(Data items)
▼

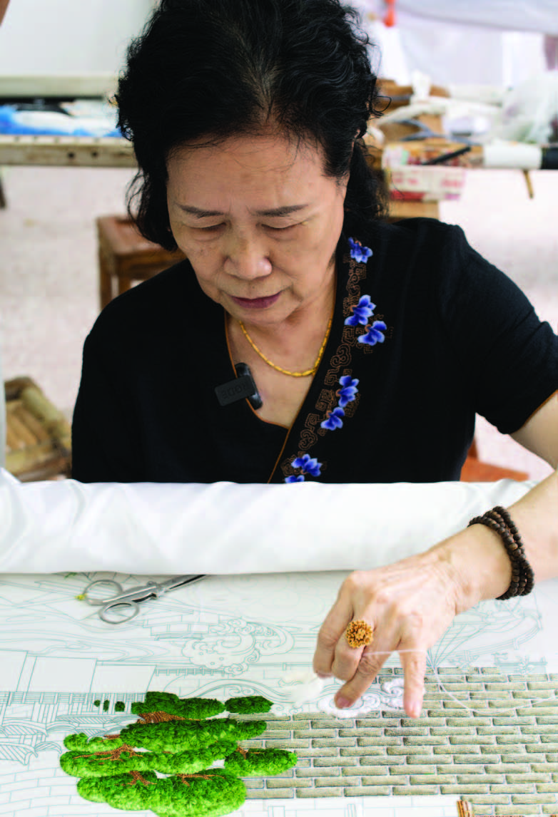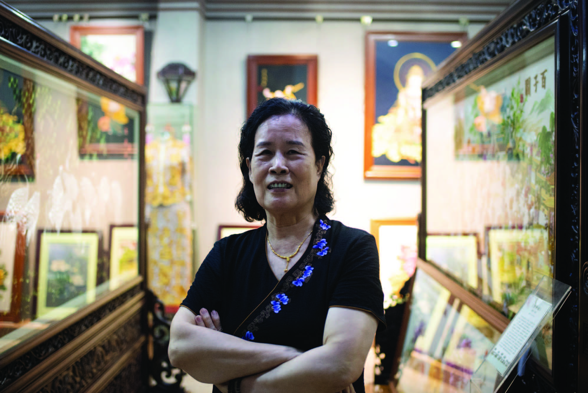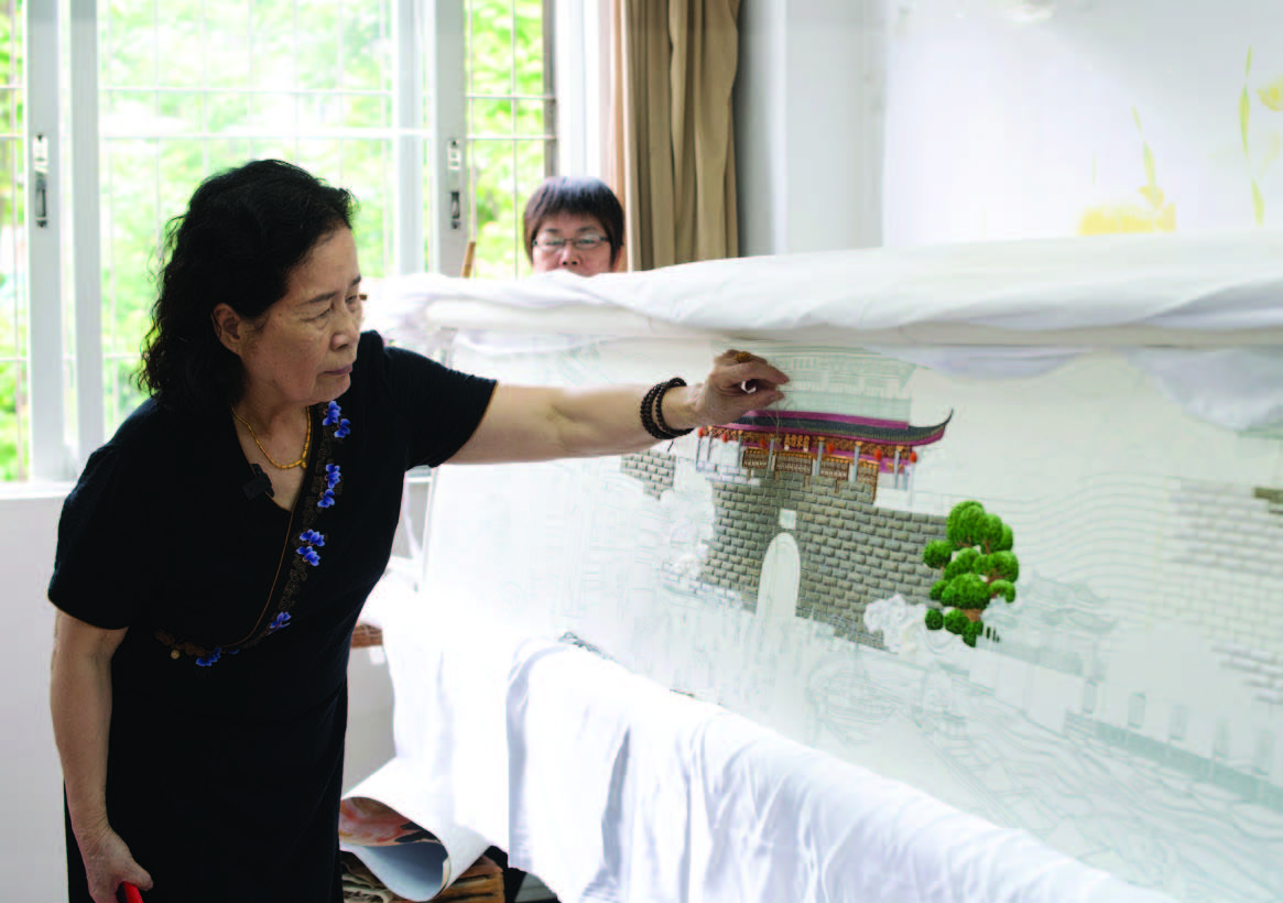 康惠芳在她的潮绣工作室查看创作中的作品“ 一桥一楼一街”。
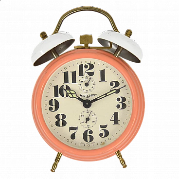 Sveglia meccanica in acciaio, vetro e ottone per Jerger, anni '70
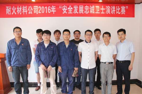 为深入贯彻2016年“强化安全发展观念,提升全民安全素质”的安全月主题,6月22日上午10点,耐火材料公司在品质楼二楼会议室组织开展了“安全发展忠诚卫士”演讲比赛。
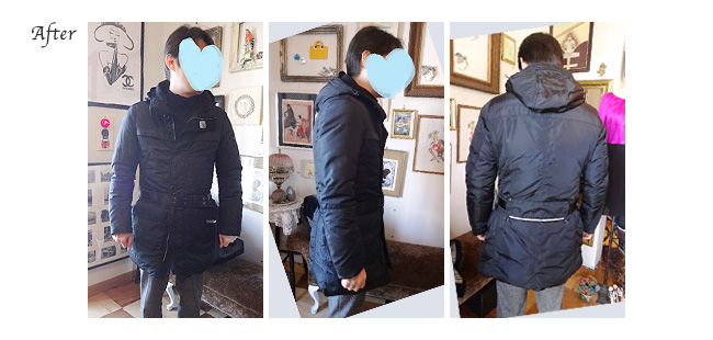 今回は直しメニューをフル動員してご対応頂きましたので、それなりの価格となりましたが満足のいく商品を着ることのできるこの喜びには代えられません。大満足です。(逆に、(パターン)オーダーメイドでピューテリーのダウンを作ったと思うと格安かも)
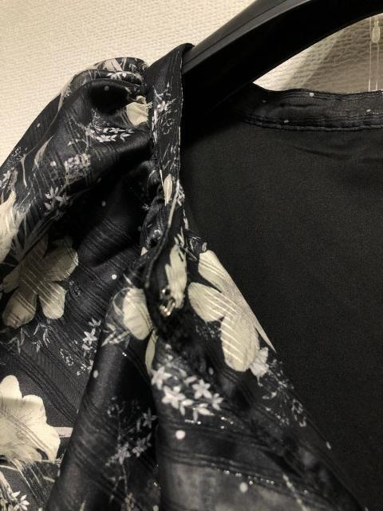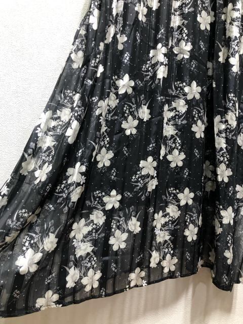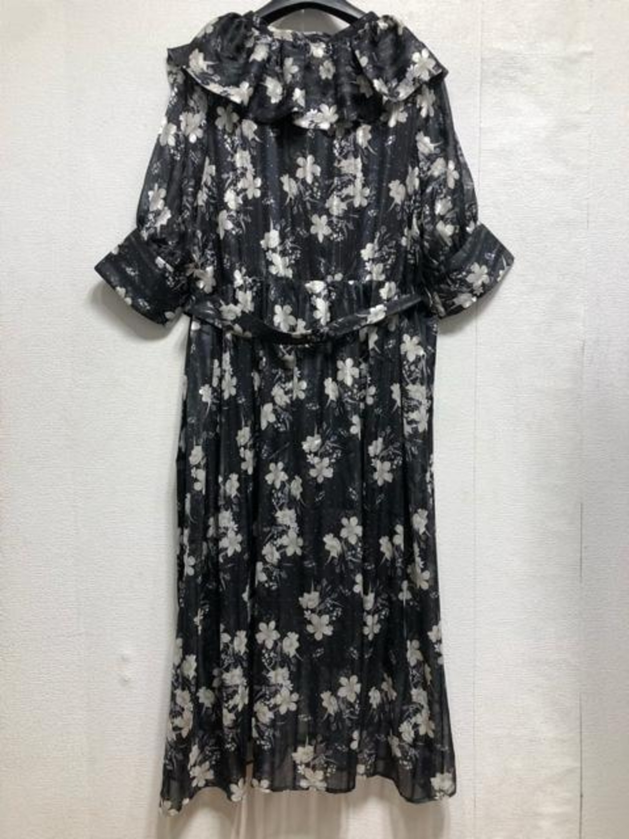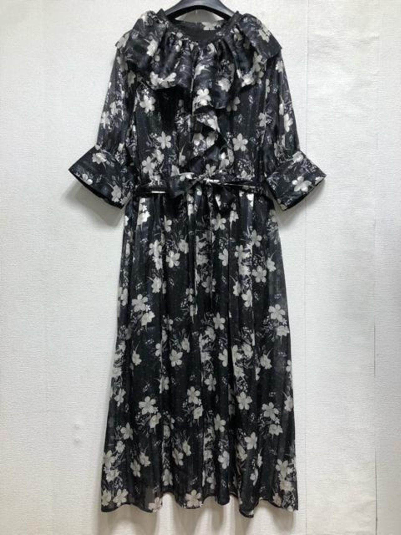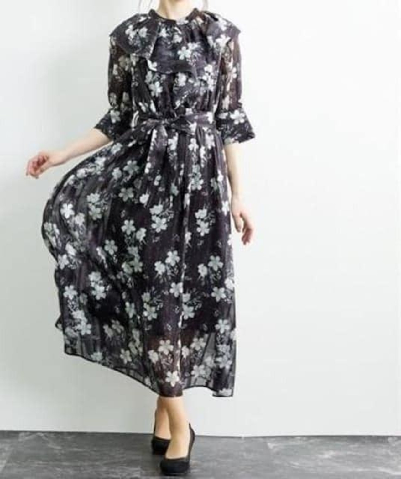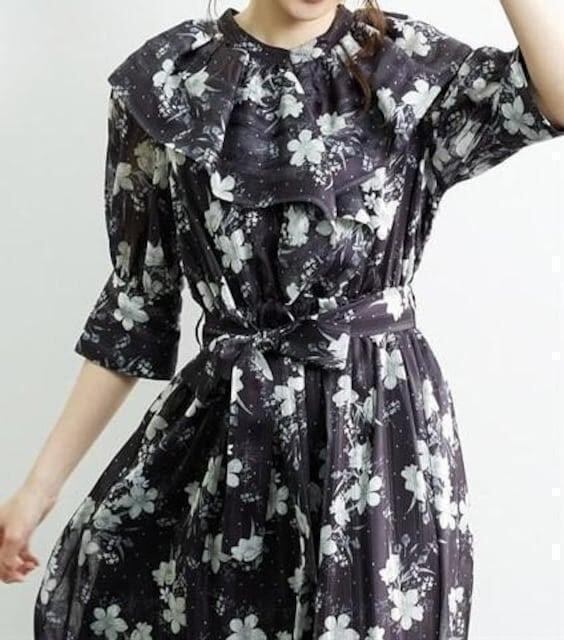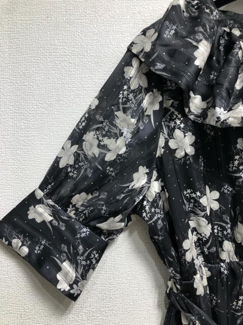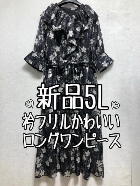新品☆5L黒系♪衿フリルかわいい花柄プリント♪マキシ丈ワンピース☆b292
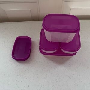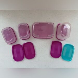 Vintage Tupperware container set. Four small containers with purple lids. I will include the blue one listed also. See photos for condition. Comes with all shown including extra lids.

▲

■ GOAL OF THE EXERCISE
From the first line to the last, set down the records above exactly and skip the pictures.

■ TASK ANSWER
 康惠芳在她的潮绣工作室查看创作中的作品“ 一桥一楼一街”。
 Sveglia meccanica in acciaio, vetro e ottone per Jerger, anni '70
 为深入贯彻2016年“强化安全发展观念,提升全民安全素质”的安全月主题,6月22日上午10点,耐火材料公司在品质楼二楼会议室组织开展了“安全发展忠诚卫士”演讲比赛。
 今回は直しメニューをフル動員してご対応頂きましたので、それなりの価格となりましたが満足のいく商品を着ることのできるこの喜びには代えられません。大満足です。(逆に、(パターン)オーダーメイドでピューテリーのダウンを作ったと思うと格安かも)
新品☆5L黒系♪衿フリルかわいい花柄プリント♪マキシ丈ワンピース☆b292
 Vintage Tupperware container set. Four small containers with purple lids. I will include the blue one listed also. See photos for condition. Comes with all shown including extra lids.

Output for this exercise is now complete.